3. Havalimanı’nın Adı Vecihi Hürkuş Olsun
1896 doğumlu pilot ve mühendisimiz Vecihi Hürkuş. Birinci Dünya Savaşı’na er olarak katıldıktan kısa bir süre sonra yaralandığı için uzun süre hastanede yatmış daha sonra tayyare mektebine giderek pilot olmuş. Tarihimizde ilk savaş uçağı düşüren pilotumuz Vecihi Hürkuş oldu. 1. Dünya savaşının sonunda bir Rus uçağını düşürdü. 1937 yılında Almanya’ya mühendislik okuluna gönderildi. İki yıl içinde uçak mühendisliği diplomasıyla döndü. Fakat o zamanların Türkiye’si iki yılda mühendis olunamaz diyerek mühendisliğini kabul etmedi ve projelerine geçit verilmedi. Kendisi de ülkemizin ilk sivil havacılık kurumunu, Hürkuş Hava Yolları’nı kurdu ve ilk yerli uçağı yaptı ancak sabotaj ve engellemelerle karşılaştı, daha fazla ilerleyemedi. 1969’da GATA’da vefat etti. Bu nedenle Üçüncü Havalimanı’nın ismi Vecihi Hürkuş olsun diyorum zira Sabiha Gökçen adına havalimanı olmasına rağmen bu yiğidin adının hiçbir yerde anılmaması ülkemiz için büyük kayıp.

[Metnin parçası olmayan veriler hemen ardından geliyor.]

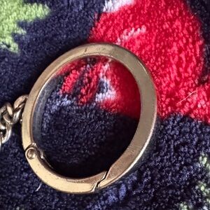 Adorable keychain with a black base and pink bow. Perfect for kids' bags.

Hezarfen Ahmet Çelebi’den Milli Uçağa
Hezarfen bir isim değil bir unvan ‘‘bin fen bilen kişi’’ anlamında kullanılıyor. Ahmet Çelebi 17. yüzyılda yaşamış ve çok genç yaşta bu unvana sahip olmuş ve Türk tarihinde ilk uçuş denemesini gerçekleştirip kendi tasarladığı kanatlarla Avrupa Yakası’ndan Anadolu Yakası’na uçmuştur. Dördüncü Murad döneminde tam bilinmeyen bir nedenle Cezayir’e sürülmüştür. Ve orada 30 yaşında vefat etmiştir. Çok “genç” değil mi? O gün bugündür biz hâlâ kendi uçağımızı yapamadık milli uçak tasarımımız daha yeni yapıldı çok “geç” değil mi?
Wright Kardeşlerin Planı Tuttu
Wright kardeşler (Orvil ve Vilbur) 1903 yılında ilk motorlu uçağı Amerika’nın Kuzey Karolina eyaletinde yaklaşık sekiz kilometre yere değmeksizin uçurmuşlardır. Onlar aslında bisiklet tamircisiydi fakat planör benzeri havacılık malzemelerini de tamir etmişlerdi. Planörü geliştirip plane (uçak) haline getirmek onlara nasip oldu. “Plane” İngilizce’de köşeleri ovallenmiş kanat benzeri ahşap bir hırdavat malzemesine deniyor, bunun yanında geometride düzelme anlamına da geliyor. Wright kardeşler bunlardan esinlenerek yaptıkları şeye “plane” diyerek uçağın da isim babası oldular. Amatör uçuşlarda yer almalarına rağmen hiç profesyonel uçuşa katılmamış olmaları da gariptir.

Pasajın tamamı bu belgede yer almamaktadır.